On 18 March, the PM announced inquiries into the SIS and GCSB. The respective Directors of those agencies welcomed the inquiries – as if they had any choice. This is just a throw-away media line. The outcome is predictable. There will be a muffled acknowledgement that they could have done better and have developed an action plan to improve inter-agency intelligence sharing. No-one will be sacked or resign – there will just be ‘learnings going forward.’ They will call for more resources and legislation to increase surveillance capability in social media and of hate groups.
It is my opinion that all the laws and resources needed already exist within the broader government purview but they are not effectively organised or executed. I think of intelligence capacity in this country as I do of Special Forces in the USA. Everyone wants their own fiefdom and competes with others for the resources to do so and to ‘be the best.’
I have written frequently on my belief that the solution lies in removing and therefore de-politicizing the NAB function from DPMC. Getting the CTAG out of SIS is logical too. There is a real need for a fresh set of eyes on national security and it could be fiscally neutral.
New Zealand needs a National Security Advisor. Not for political optics but for independence and the ability to bring together the many coloured threads required for the cloak of national security.
To be truly independent and in order to maintain national security policy momentum across electoral cycles, the National Security Advisor should be an Officer of Parliament. They would operate as an independent crown entity under separate legislation and budget in the same manner as officers such as the Auditor-General. The appointment should be at least five years.

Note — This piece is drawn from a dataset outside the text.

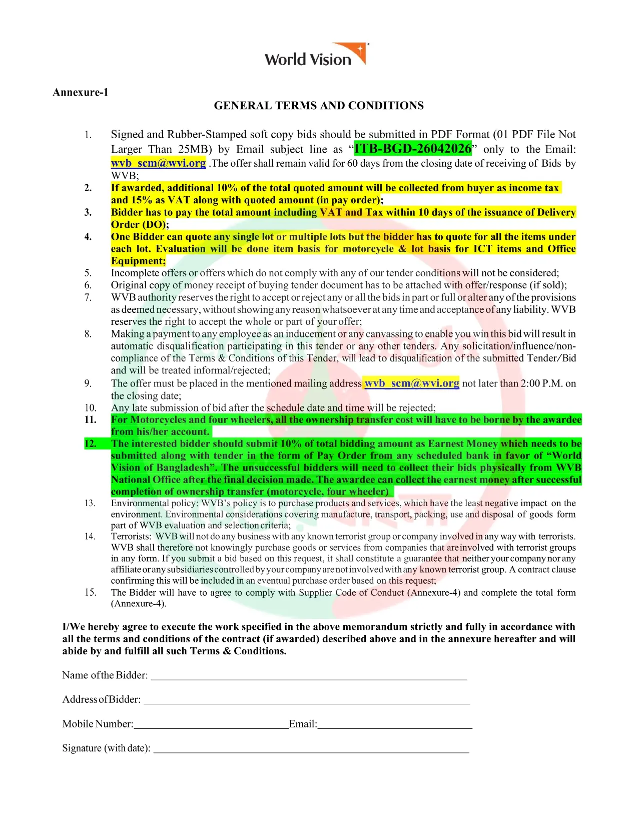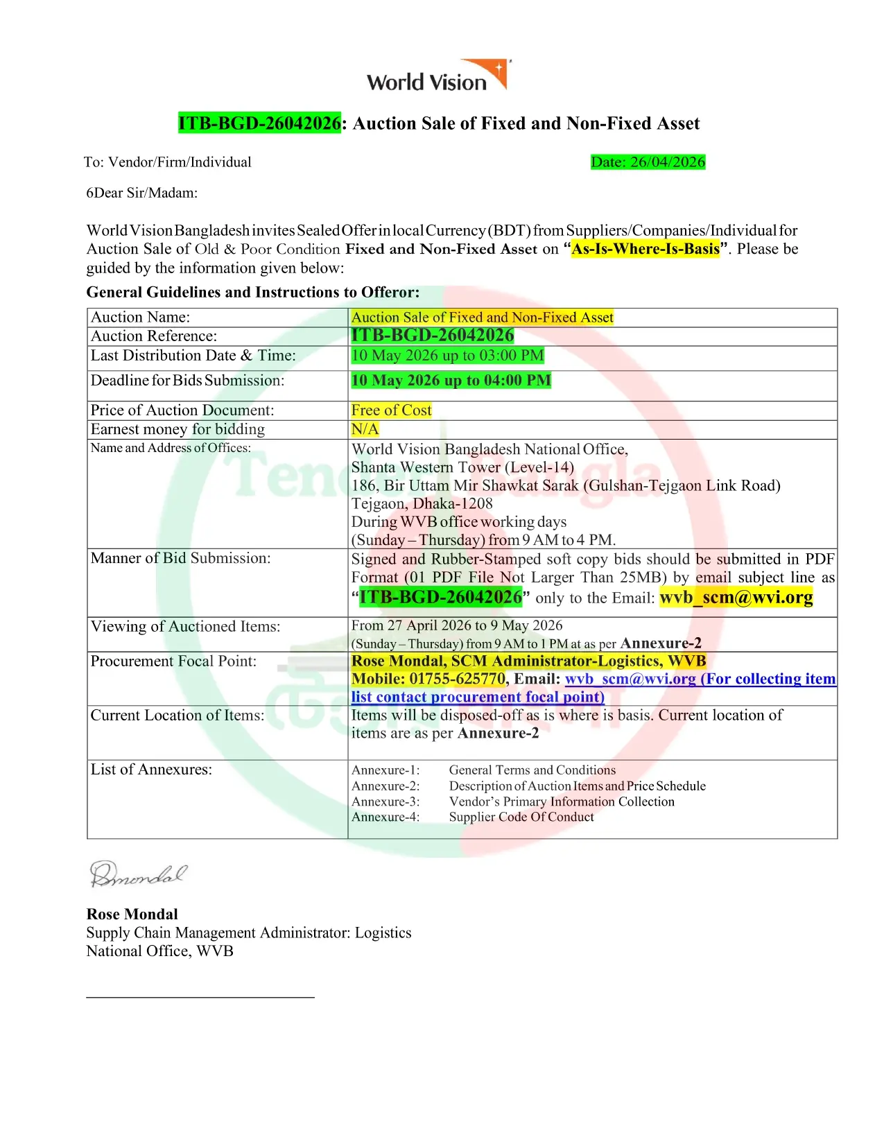 Title: ওয়াল্ড ভিশন বিভিন্ন বিভিন্ন এসেট , মালামাল অকশন বিজ্ঞপ্তি

This new National Security Agency would become the focal point for intelligence as well as national security-related research going on in New Zealand universities, think tanks, international links and industry. It would be the strategy bridge for new policy initiatives. It could also provide some security audit functions. Most importantly, it is the place where a coherent national security strategy will be formulated. The Minister for National Security – the Prime Minister – would be more than just a title. It’s not a panacea but it’s a good start in breaking down the silos.
The Legislation Virus
NZ politicians love to legislate. It’s like a virus that once contracted can’t be shaken off. If that was always the solution, the country would be in great shape. There will be firearms legislation passed under urgency and then the wait for the inquiry reports. These will need a few million dollars of course. They will make a raft of recommendations that, by and large, will result in new and amended legislation increasing powers of search, surveillance and penalties for various acts. There will be twelve ten-minute speeches at each reading, a select committee report on public consultation and a vote. And that is how civil liberties, hard-won over thousands of years, will be further eroded – with applause and back-slapping. Defeat in detail.